The hike took us through the mountains along the coast, sometimes up stairs that seemed impossible to climb. The hike sometimes took two hours just from one village to another, and felt like the most intense Stairmaster of my life. Four days later, my legs have still to recover from the strain I put them through in Cinque Terre. But I can say, without a shadow of a doubt, that hiking Cinque Terre was one of the best experiences of my life, and one that I will never forget, no matter how bad my calves ache days later.
We took a train from the city of Levanto and arrived in Riomaggiore, the first city in Cinque Terre. We purchased our tickets to allow us to enter into the Cinque Terre park, and then decided to get a little food before heading out on our (presumably easy) adventure. At a restaurant sitting on the coast, I had a fruit salad called macedonia, which was easily the best fruit salad I have ever, ever had.
Riomaggiore is one of the smaller fishing villages, located right on the rocky coast. But with the crystal clear water below and the boats pulled in by the shore, it made for a beautiful view from our restaurant.

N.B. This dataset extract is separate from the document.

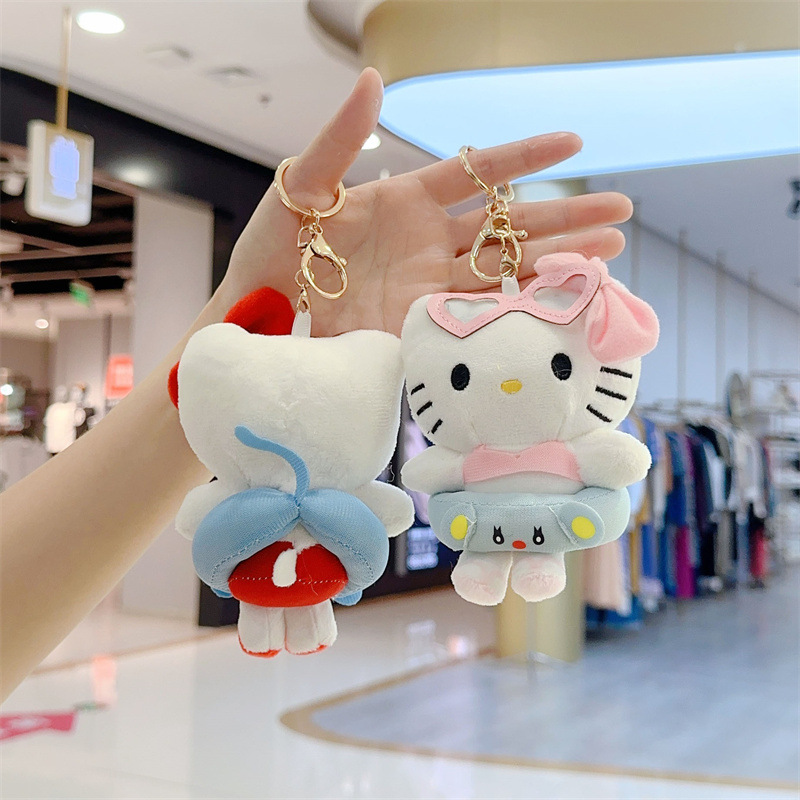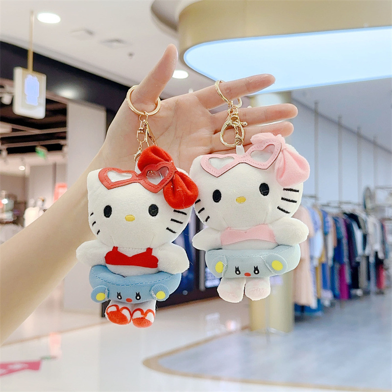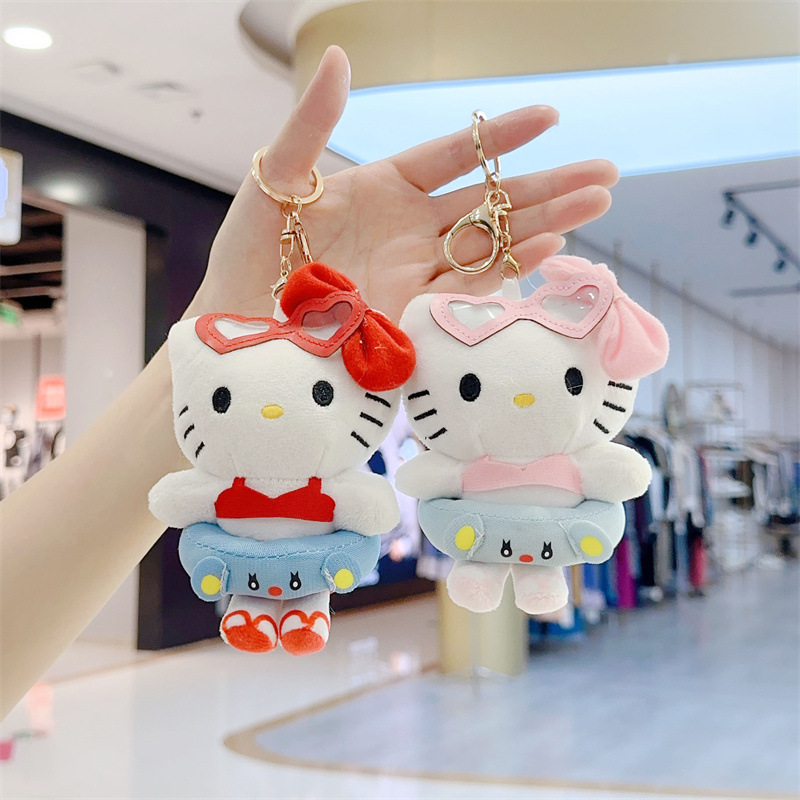 새로운 만화 KT 키 체인 창조적 인 디자인 수영 반지 비키니 고양이 봉제 인형 백팩 봉제 펜던트스토어 가기

After eating, we left our little seaside restaurant and embarked along the Via dell’Amore, a road where lovers from years long past leave messages and locks along the path, intended for the person who will “hold the key to their heart.” For someone who has an inner romantic side, I found this part of the trip especially touching, just with the thought of all the people who have left messages for someone who may or may not ever see it. But their declaration of love in a really beautiful place is still a thoughtful and romantic gesture, and I couldn’t help but love everything about that part of the hike.

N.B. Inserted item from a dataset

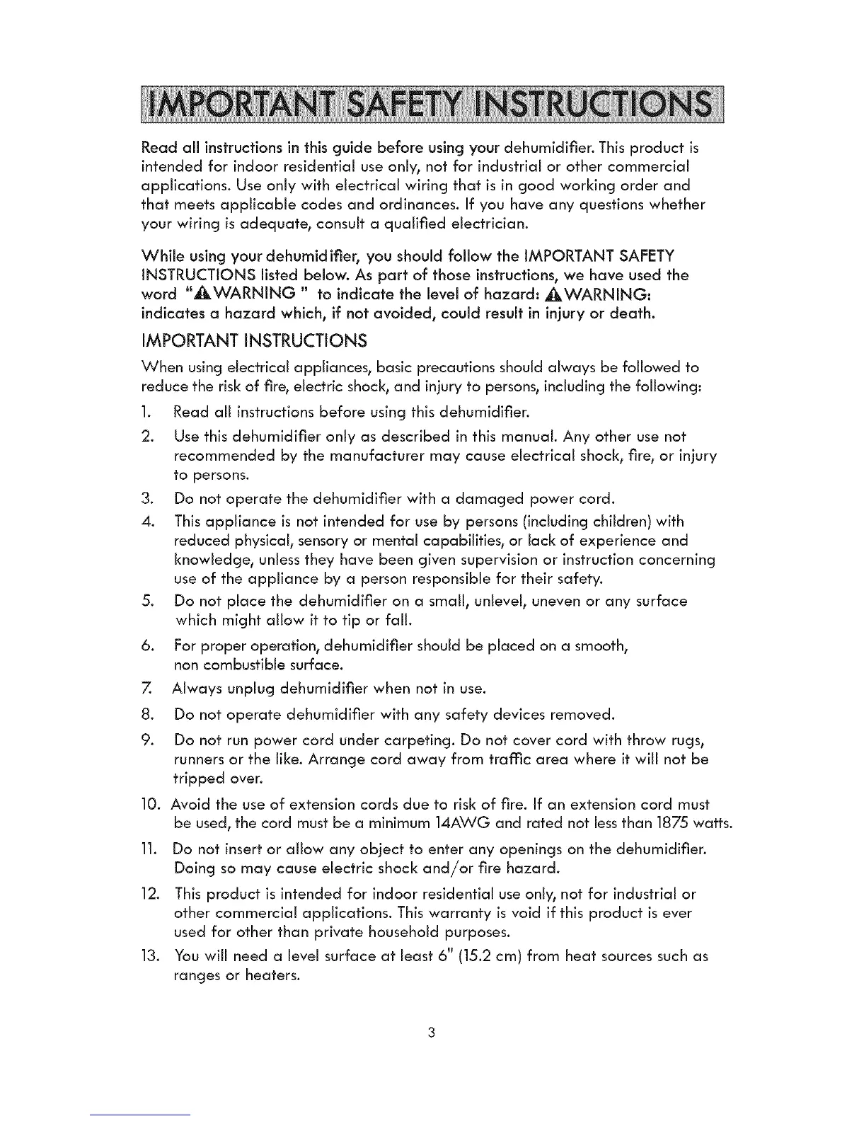 While using your dehumidifier, you should follow the IMPORTANT SAFETY

We arrived in Manarola around thirty minutes later by train (the path from the Riomaggiore to Manarola was closed due to a landslide), but only stayed there long enough to snap a few pictures and grab another quick bite to eat. I’m pretty positive we ate something in every town we stopped in, but it was probably for the best, considering how much energy we would need for the more intense parts of the hike to come.
We left Manarola after eating and embarked on another short hike to Corniglia, the middle of the five cities. The hike there took us around 45 minutes, but was relatively easy as it was on a flat sidewalk that wound up the side of the mountain. We essentially skirted the city, but the view from just past Corniglia showed another beautiful, colorful city that looked straight out of a picture book.

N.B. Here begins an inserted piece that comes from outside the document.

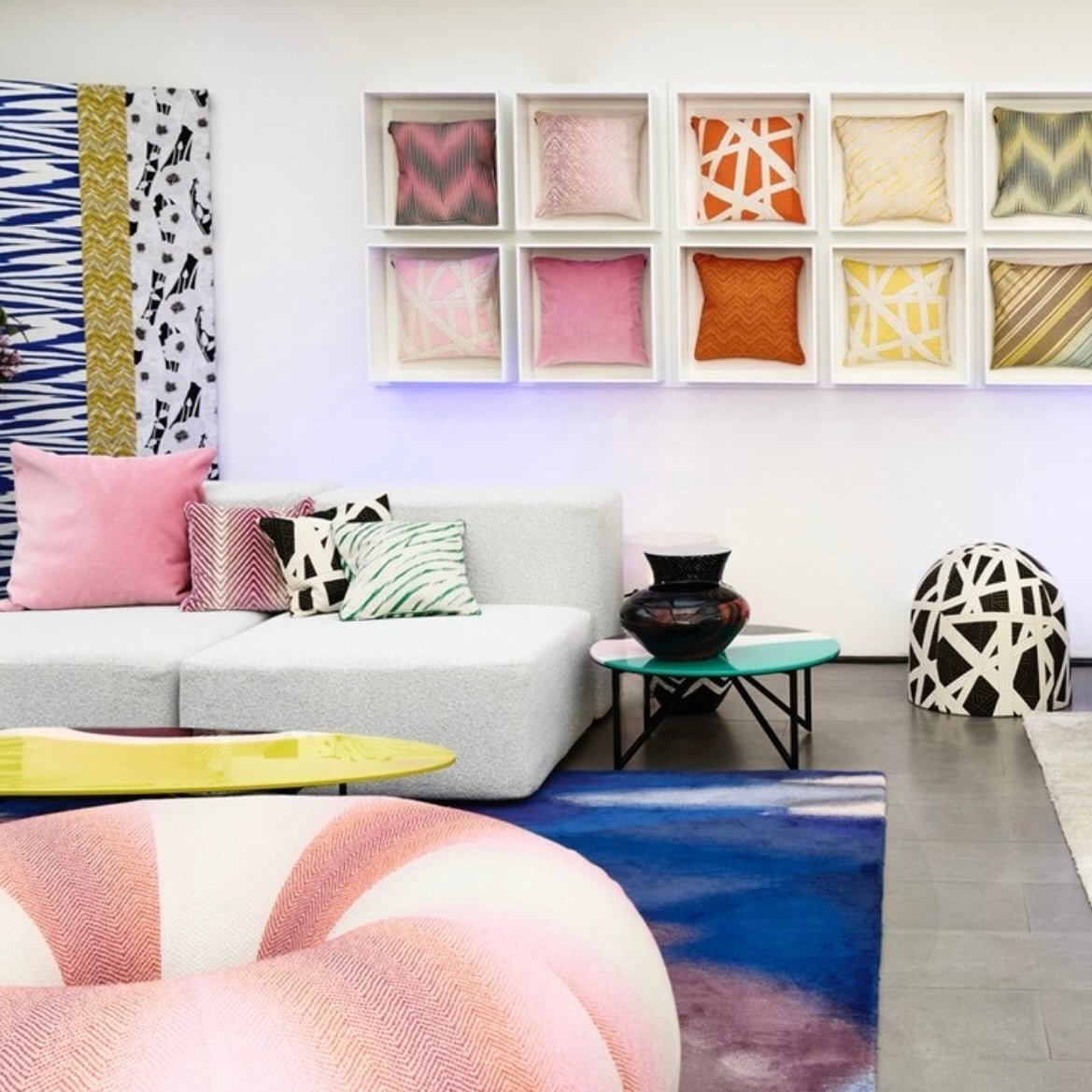 A coleção de Rosita Missoni afirma-se pela cor e habilidade de produção, reflexo de uma personalidade ensolarada e espírito criativo. A linguagem da marca é inconfundível, construída em torno de interações livres entre cores e formas. O tema recorrente dos tecidos e as suas inúmeras texturas, representam um convite a mobilar a casa por dentro e por fora.
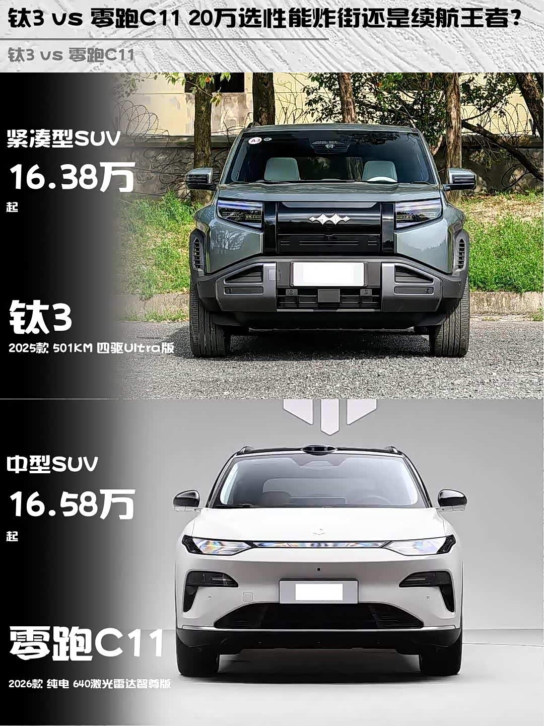 最近在选20万级纯电SUV的朋友看过来!今天深度对比两款热门选手——方程豹钛3 2025款 501KM 四驱Ultra版和 零跑C11(参数|询价) 2026款 纯电 640激光雷达智尊版,实测干货奉上🔥

The hike from Corniglia to Vernazza was absolutely incredible, filled with breathtaking views of the sea. We climbed through the country side, and passed by homes tucked away behind small vineyards. I can’t imagine living in such a pristinely beautiful place, but that is the reality for the people of Cinque Terra. Lucky Italians.
The hike from Corniglia to Vernazza was extremely challenging, and although I wanted to collapse on the path several times, I kept going. Not only did this view reward me with some amazing views, it also showed me that I’m capable of things I never thought I’d be able to do. A two hour hike literally up the side of the mountain? Before this trip, I didn’t think I could do something so strenuous, but I was very proud of myself for what I’d already accomplished. So proud, in fact, that I treated myself to gelato as soon as we arrived in Vernazza.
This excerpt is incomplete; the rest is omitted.